---- Excerpted data

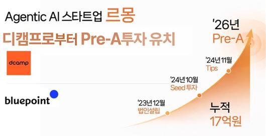 외식업 AI 전문 기업 르몽은 은행권청년창업재단 디캠프와 블루포인트파트너스로부터 총 10억원 규모의 프리 A(Pre-A) 투자를 유치했다고 21일 밝혔다. 이번 투자로 르몽의 누적 투자 유치 금액은 17억원으로 늘었다.
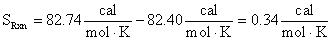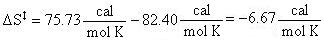 The entropy can be calculated in the normal fashion by taking the difference of the products and reactants entropy:
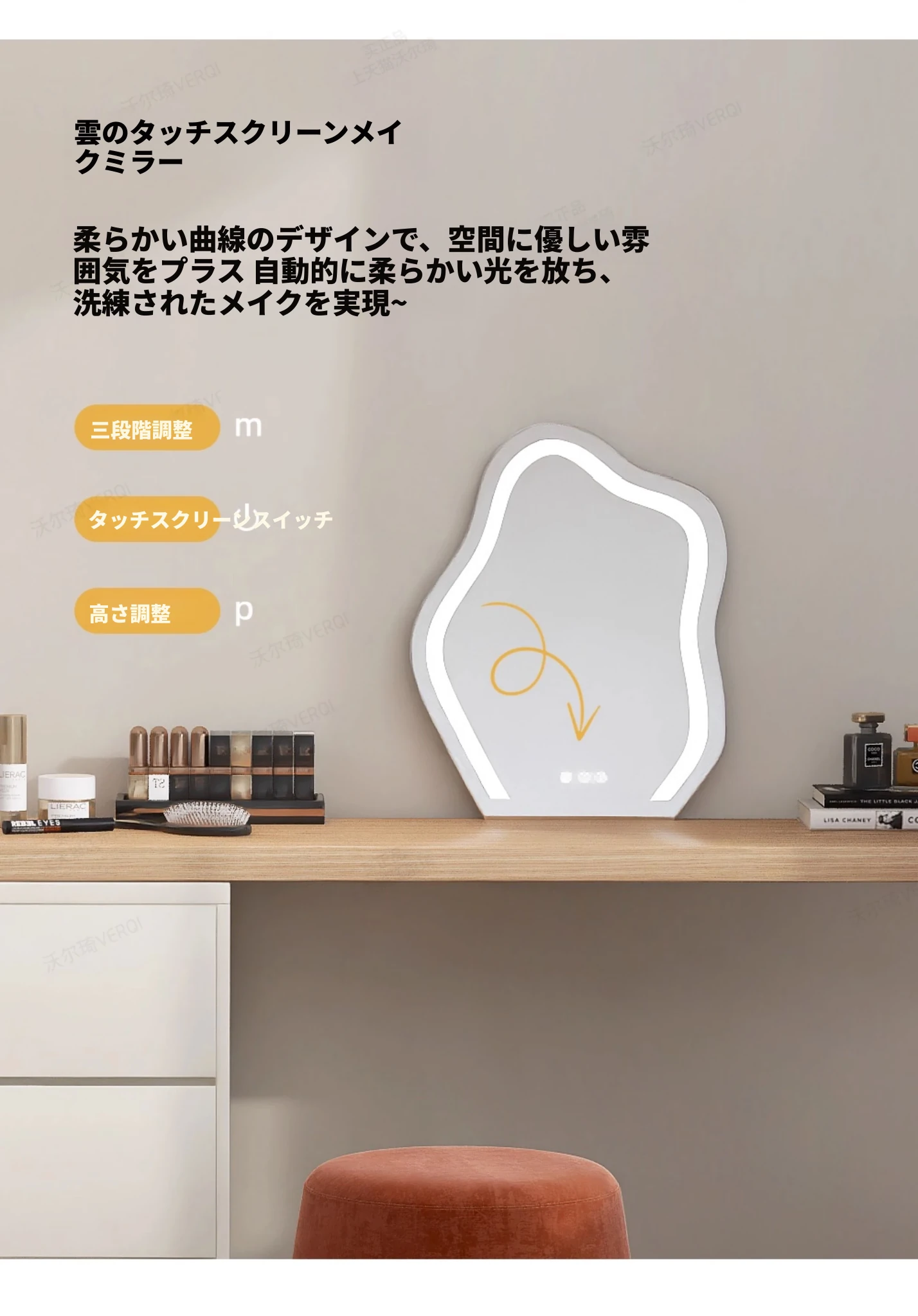 【1.6m三引き出しキャビネット】ドレッサー+雲の鏡+円形スツール+フェイスマスクボックス
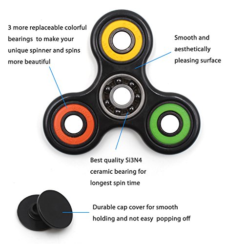 -. Feature : ♥ LONGEST SPIN TIME - This spinner is made of the best quality si3N4 ceramic, in this way, we can spin much more smoothly and Guarantee longer spin time comparing to other steel or ZrO2 ceramic bearings(NOTE: The average spin time is 1.5+ min, and we can guarantee 2-4 min spin time after the breaking-in period) / ♥ MULTIPLE-CHOICE - Including 3 spare colorful bearings, you can have two different types of spinners (the normal type and the colorful type)by replacing the load-bearing bearings as you like, in this way, you can also experience two different kind of spin speed / ♥ GREAT STRESS REDUCER - Making no noise, Ideal for people trying to quite nail biting, smoking, leg shaking and all type of attention disorder issues,Helping people release Stress / ♥ VERY EASY TO USE - This spinner toy is designer in Ergonomic curved shape and perfect size for both children and adult, very easy to carry and play, Simply flick and spin with one or two hands / ♥ DURABLE STRUCTURE - No more 3D P.R.Inting and edge sanding! Durable ABS frame construction with rounded edges, complimentary cap cover, No Repair, Oil, Maintenance needed! guarantee long term usage
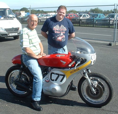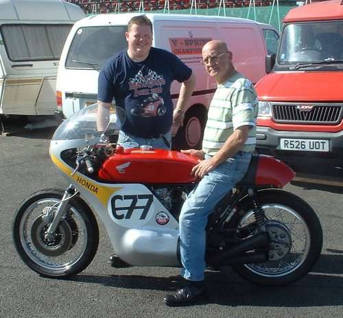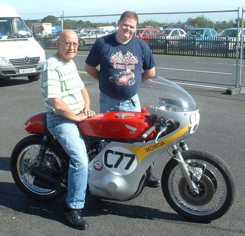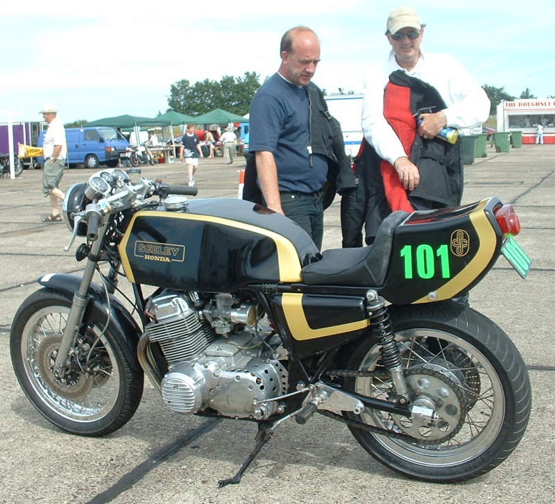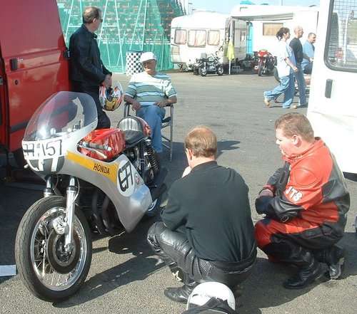 Picture shows Eamon Maloney (UKCB750CAFERACERS) pondering the engineering while Jim Shea holds his orange drink!
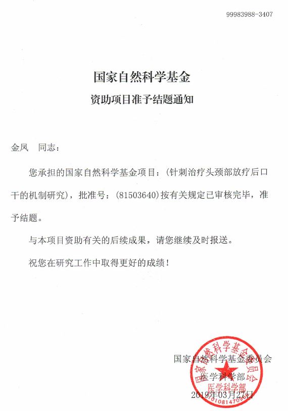 针刺治疗头颈部放疗后口干的机制研究项目解释了“针刺有效信息通过复杂网络调节相关受体和生长因子来治疗头颈部放疗后口干”这一关键科学问题,为针刺治疗头颈部放疗后口干提供理论依据。率先阐明针刺治疗头颈部放疗后口干的分子机制,为临床治疗提供理论依据,使针刺疗效得以科学的认识,取到国际认同。同时,实验结果有效指导临床,明确针刺在何种放疗方式下发挥最佳的疗效。有利于丰富针灸临床治疗应用范围,特别是针灸在肿瘤领域发挥作用。(科技处)
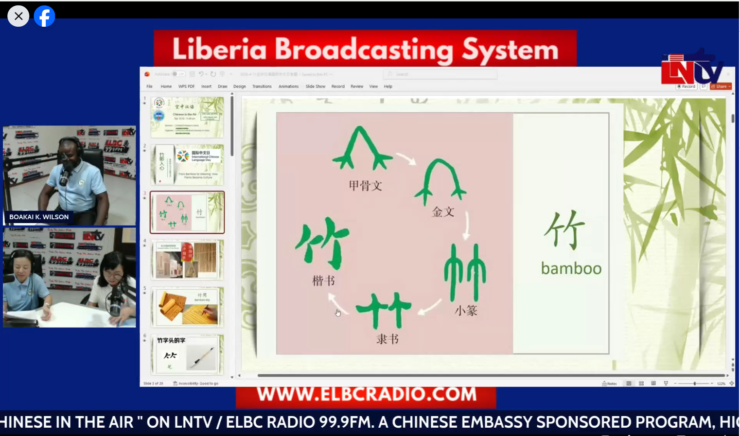 2026411日,在国际中文日到来之际,利比里亚大学孔子学院联合中国援利竹藤编项目组,以“竹影入心”为主题在利比里亚国家广播电台播出《空中汉语》特别节目,电台官方平台以Facebook方式同步直播。
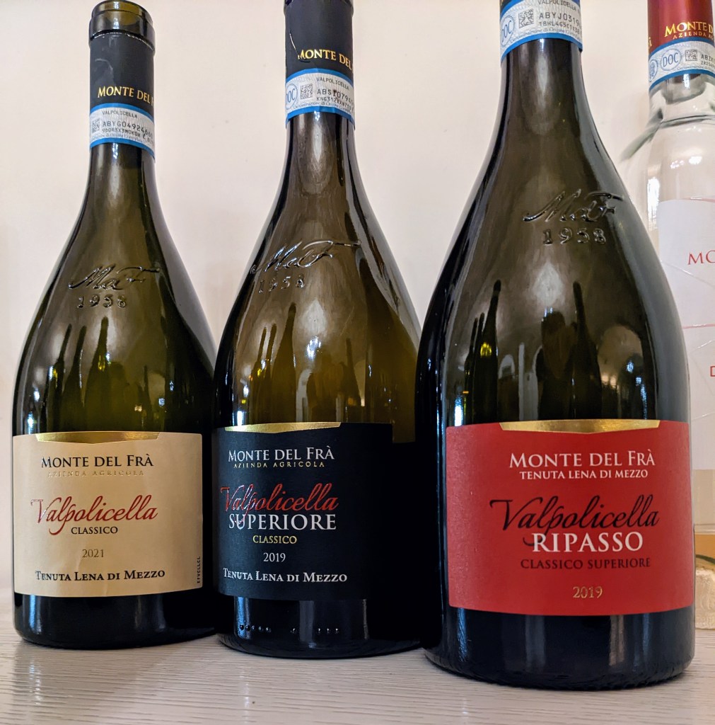 2019 MONTE DEL FRA Valpolicella Superiore Classico Corv/Rond 80/20 100% pergola 12mos 800gal oak Thick ruby running garnet as it thins near edge. Nose sharp but slightly oxidized going towards raisin precisely as cherry fades into maraschino in a spicy deep pit of fruit. In the mouth, young and sharp against gritty dark alley notes where beautiful blackberry rubs against prickly rasp. Mouthfilling and confident, proud and defiant: a 30-year wine. 13.5
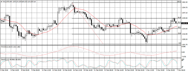 ويتداول الذهب الآن أعلى خط مؤشر متوسط الحركة , بينما يظهر كل من مؤشر استوكاستك ومؤشر ماكد تقاطع سلبي نحو الاتجاه الهابط على الاطار الزمنى اربع ساعات
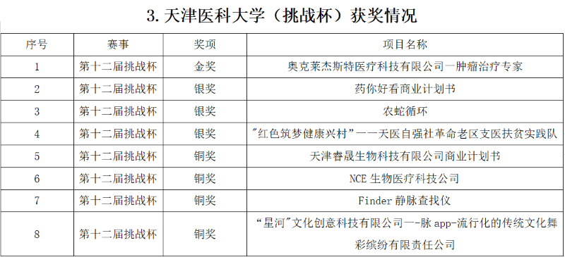 全国部分医科高等院校曾获奖情况汇总

--------

§ The task:
Without the pictures, restate all of the entries word for word.

§ Problem solution:
 외식업 AI 전문 기업 르몽은 은행권청년창업재단 디캠프와 블루포인트파트너스로부터 총 10억원 규모의 프리 A(Pre-A) 투자를 유치했다고 21일 밝혔다. 이번 투자로 르몽의 누적 투자 유치 금액은 17억원으로 늘었다.
 The entropy can be calculated in the normal fashion by taking the difference of the products and reactants entropy:
 【1.6m三引き出しキャビネット】ドレッサー+雲の鏡+円形スツール+フェイスマスクボックス
 -. Feature : ♥ LONGEST SPIN TIME - This spinner is made of the best quality si3N4 ceramic, in this way, we can spin much more smoothly and Guarantee longer spin time comparing to other steel or ZrO2 ceramic bearings(NOTE: The average spin time is 1.5+ min, and we can guarantee 2-4 min spin time after the breaking-in period) / ♥ MULTIPLE-CHOICE - Including 3 spare colorful bearings, you can have two different types of spinners (the normal type and the colorful type)by replacing the load-bearing bearings as you like, in this way, you can also experience two different kind of spin speed / ♥ GREAT STRESS REDUCER - Making no noise, Ideal for people trying to quite nail biting, smoking, leg shaking and all type of attention disorder issues,Helping people release Stress / ♥ VERY EASY TO USE - This spinner toy is designer in Ergonomic curved shape and perfect size for both children and adult, very easy to carry and play, Simply flick and spin with one or two hands / ♥ DURABLE STRUCTURE - No more 3D P.R.Inting and edge sanding! Durable ABS frame construction with rounded edges, complimentary cap cover, No Repair, Oil, Maintenance needed! guarantee long term usage
 Picture shows Eamon Maloney (UKCB750CAFERACERS) pondering the engineering while Jim Shea holds his orange drink!
 针刺治疗头颈部放疗后口干的机制研究项目解释了“针刺有效信息通过复杂网络调节相关受体和生长因子来治疗头颈部放疗后口干”这一关键科学问题,为针刺治疗头颈部放疗后口干提供理论依据。率先阐明针刺治疗头颈部放疗后口干的分子机制,为临床治疗提供理论依据,使针刺疗效得以科学的认识,取到国际认同。同时,实验结果有效指导临床,明确针刺在何种放疗方式下发挥最佳的疗效。有利于丰富针灸临床治疗应用范围,特别是针灸在肿瘤领域发挥作用。(科技处)
 2026411日,在国际中文日到来之际,利比里亚大学孔子学院联合中国援利竹藤编项目组,以“竹影入心”为主题在利比里亚国家广播电台播出《空中汉语》特别节目,电台官方平台以Facebook方式同步直播。
 2019 MONTE DEL FRA Valpolicella Superiore Classico Corv/Rond 80/20 100% pergola 12mos 800gal oak Thick ruby running garnet as it thins near edge. Nose sharp but slightly oxidized going towards raisin precisely as cherry fades into maraschino in a spicy deep pit of fruit. In the mouth, young and sharp against gritty dark alley notes where beautiful blackberry rubs against prickly rasp. Mouthfilling and confident, proud and defiant: a 30-year wine. 13.5
 ويتداول الذهب الآن أعلى خط مؤشر متوسط الحركة , بينما يظهر كل من مؤشر استوكاستك ومؤشر ماكد تقاطع سلبي نحو الاتجاه الهابط على الاطار الزمنى اربع ساعات
 全国部分医科高等院校曾获奖情况汇总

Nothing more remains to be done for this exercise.